Добавить в цитаты Настройки чтения

Страница 87 из 96



Несмотря на то что в мастерской было холодно, Клод наскоро надел только брюки и туфли и в одной рубашке стоял на лестнице перед своей картиной. Палитра лежала у него в ногах; в одной руке он держал свечу, другою — писал. Глаза его были расширены, как у лунатика, движения точные и деревянные, он поминутно наклонялся, чтобы набрать краску, снова поднимался, и его фигура отбрасывала на стену огромную причудливую тень, а угловатые движения казались автоматическими. Дыхания его не было слышно, и во всей огромной темной комнате стояла пугающая тишина.

Кристина задрожала, она поняла. Опять то же наваждение: час, проведенный Клодом там, на мосту Святых отцов, лишил его сна, привел сюда, сжигаемого желанием вновь увидеть свою картину, несмотря на ночное время. Без сомнения, Клод поднялся на лестницу только для того, чтобы приблизиться к полотну, насытить глаза его созерцанием.

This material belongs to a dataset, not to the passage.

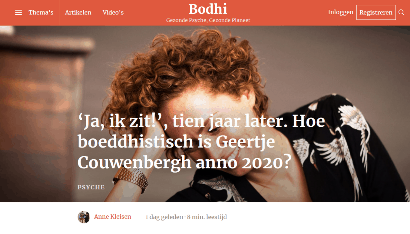 interview met Bodhi Tien jaar geleden stond ik in ‘Ja, ik zit’, een boek met jonge boeddhisten. Toen ik werd benaderd voor een update zei ik Anne Kleisen al dat de titel van dat interview ‘Nee, ik zit niet meer’ zou worden. Lees hier wat er is gebeurd. Door Sylvia Faasse|2020-07-24T09:56:56+02:00juli 24th, 2020|0 Reacties Gerelateerde berichten 20 Beste Liefdesadviezen van Lieve Dot – Happinez bijlage Mini workshop: obsessies Heilig Gelijk – te gast in Rene Pluijm’s podcast ‘Lieve Corona’, een gratis schrijfspecial NIEUW! Online Cursus Vijf Uur Schrijfvuur Geef een reactie Reactie annulerenJe moet ingelogd zijn om een reactie te geven.

Затем, встревоженный каким-нибудь неверным тоном, огорченный подмеченным недостатком, он не мог дождаться утра, схватил кисть, сначала просто для какой-то подправки, а затем мало-помалу увлекся и, все поправляя и поправляя, стал наконец писать как завороженный при колеблющемся от каждого его движения слабом свете свечи, зажатой в кулаке. Его снова охватило бессильное творческое исступление, он расходовал себя, не отдавая себе отчета во времени, не замечая ничего вокруг: он хотел вдохнуть жизнь в свое творение сейчас же, немедленно!

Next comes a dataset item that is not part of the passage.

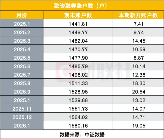 从期末账户数来看,两融市场的存量规模也在持续扩张。2025年1月,两融期末账户数为1441.81万户,经过一年的稳步增长,2025年12月已达1564.02万户,2026年1月进一步增至1580.16万户,存量账户数在持续攀升,为两融业务的后续发展奠定了基础。

Ах, как Кристине было жаль его, какими скорбными, полными слез глазами она на него смотрела! В первое мгновение она решила не мешать его безумной работе, как не мешают бессмысленным занятиям маньяка. Эту картину Клод никогда не закончит: теперь это было очевидно. Чем больше он упорствовал, тем бессмысленнее становились темные, густо положенные тона и нечеткий, огрубленный рисунок. Даже фон, в особенности группа портовых грузчиков, когда-то нарисованная уверенной рукой, был испорчен, а Клод упирался, желая закончить все, прежде чем снова приняться за центральную фигуру обнаженной женщины, все еще такой желанной и пугающей — этой опьяняющей плоти, которой суждено его погубить, если он снова будет пытаться вдохнуть в нее жизнь. В течение нескольких месяцев он не прикасался к ней кистью; и это успокаивало Кристину, ее ревнивое озлобление утихало, она становилась снисходительной и, пока он не возвращался к этой страшной и желанной любовнице, чувствовала себя не такой покинутой.

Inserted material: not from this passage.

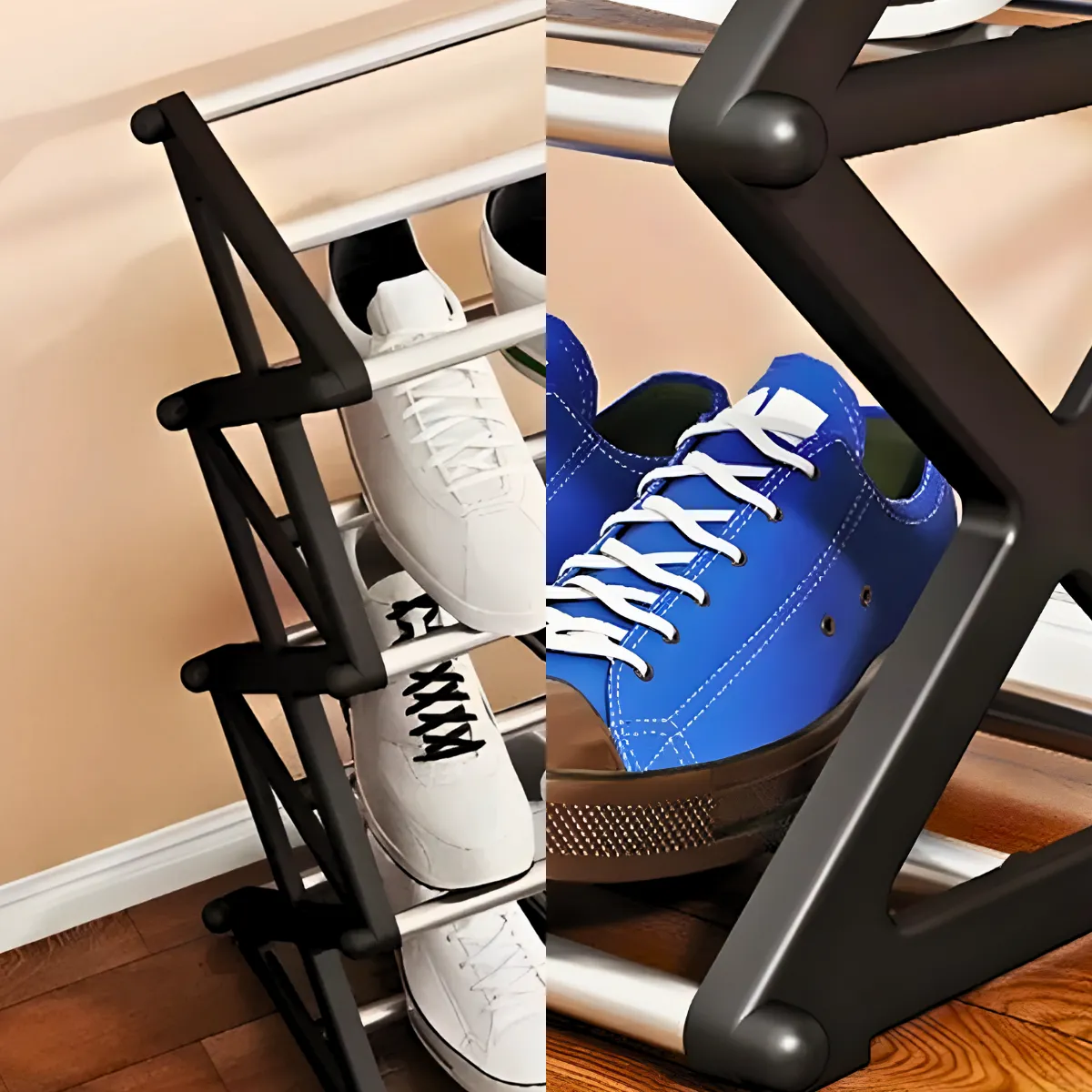 • Design Inteligente: A estrutura sanfonada permite fácil acesso a todos os níveis, facilitando o armazenamento e a retirada dos sapatos. Quando não está em uso, o design permite uma economia de espaço significativa.

Ноги Кристины окоченели на каменных плитках, она уже хотела вернуться в постель, но вдруг почувствовала какой-то внутренний толчок. Сначала она не сообразила, в чем дело, затем внезапно поняла. Набрав краску, Клод широкими взмахами кисти, безумным ласкающим жестом закруглял выпуклые формы; улыбка застыла на его губах, он не ощущал обжигающего воска свечи, капавшего на пальцы; в полной тишине его рука порывисто и страстно двигалась взад и вперед, а огромная темная тень плясала по стене, будто там происходило какое-то грубое совокупление. Клод писал свою Обнаженную Женщину.

Кристина распахнула двери и устремилась вперед. Непреодолимое возмущение, гнев супруги, получившей пощечину у себя дома, обманутой в соседней комнате, пока она спала, толкнул ее в мастерскую. Да, он был здесь с другой, он выписывал ее живот и бедра, как безумец, фантаст, которого стремление к правде ввергало в абстрактные преувеличения: золотые бедра казались колоннами, алтаря, великолепный, не имеющий в себе ничего реального живот расцветал под рукой живописца горящей золотом и багрянцем звездой. Эта ни на что не похожая нагота, превращенная художником в священную чашу, украшенную сверкающими драгоценными каменьями и предназначенную для неведомого религиозного обряда, привела Кристину в ярость. Она слишком много страдала, она не могла дольше терпеть этой измены.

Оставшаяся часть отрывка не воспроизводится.